My reflection on language is not only the reflection on the Czech language, but also a reflection about all the other languages I can use with the people I am living with. It is a topic I like to write about, because it is one of the most challenging things here for me. Furthermore, I really like it to learn languages. So it is quite perfect to live with people who speak different languages, although it might be confusing as well to switch all the time from one language to another one.

First of all, I am really trying to learn Czech, but it is quite complicated. I am doing one course, but the progress is not very fast. I have two tandems which teach me Czech and I teach them German. This is nearly the only possibility to speak Czech, because in Prague people, above all young people, speak English very well, so that it is much easier to speak English, also because my Czech skills are quite poor. Sometimes when I listen to people speaking in Czech, it sounds as if they were speaking in Swiss German. They say for example “jo” in the same way I would in Switzerland.

With the people which I am living with I speak mainly Spanish. But at the beginning it was quite confusing, because my Spanish was South American Spanish, which is a little bit different from the Spanish Spanish. But I already got accustomed, and now we can communicate quite well. What I noticed about Spanish is that it is usually not spoken quietly, and the same thing happens to me: When I am speaking Spanish, my voice is louder.

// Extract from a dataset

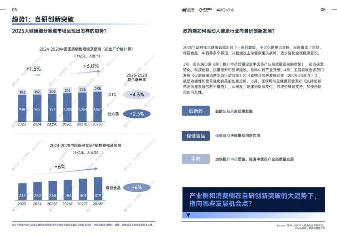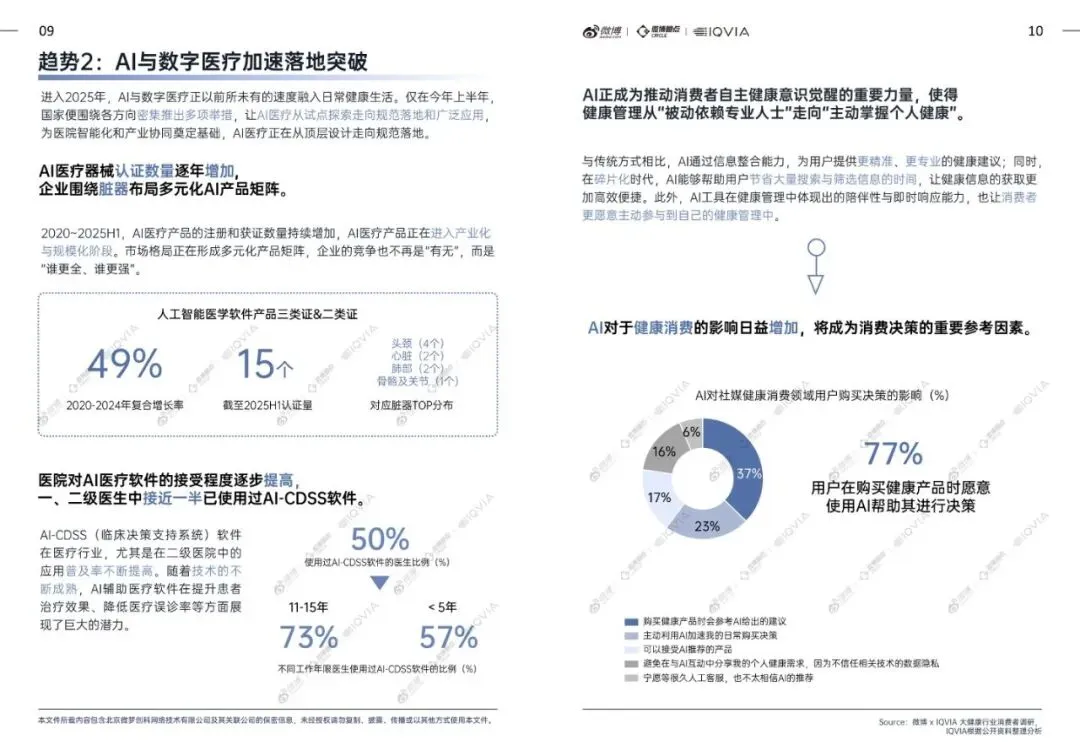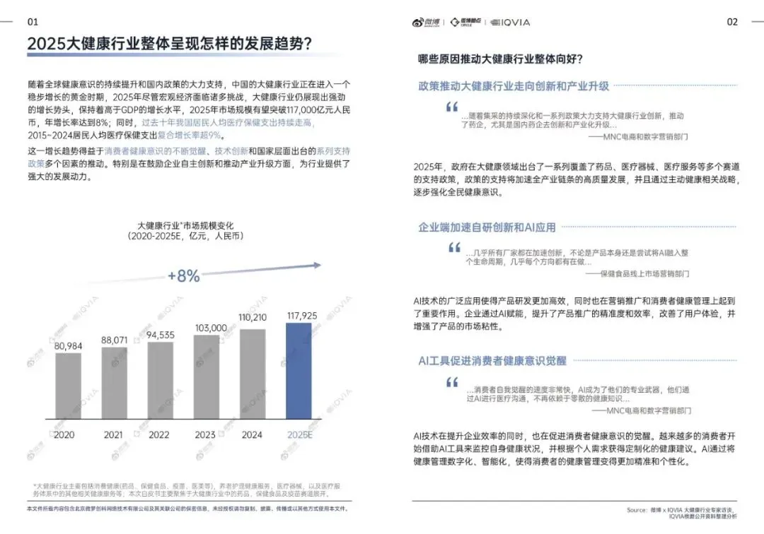 2025 年中国大健康行业持续回暖,市场规模有望突破 11.7 万亿元,年增长率达 8%,增速高于 GDP 水平。行业增长受政策、技术与消费需求共同驱动:政策层面密集出台支持创新药、中医药产业升级、保健食品创新应用的举措;技术端 AI 与数字医疗加速落地,AI 医疗器械认证数量逐年增加,医院对 AI 辅助软件的接受度不断提高;消费端健康意识全面觉醒,从被动治疗转向主动健康管理,推动行业向自研创新突破、AI + 医疗融合、以患者为中心三大方向转型。

Then I have some friends from Germany, with which I can speak German. This obviously does not confuse me, since Swiss German is my mother tongue. But most of the time I speak English, because this is the language that all the students understand, although hardly anyone is a native English speaker. I really like it to speak different languages and to switch the languages often although it is quite challenging. This is a challenge which is for me quite nice.

What happens to me is that sometimes I am not aware of whether I am speaking English or Spanish (or occasionally Czech), and I start to speak and then realize that I am using the wrong language for the people around me to understand me, and then I switch the language.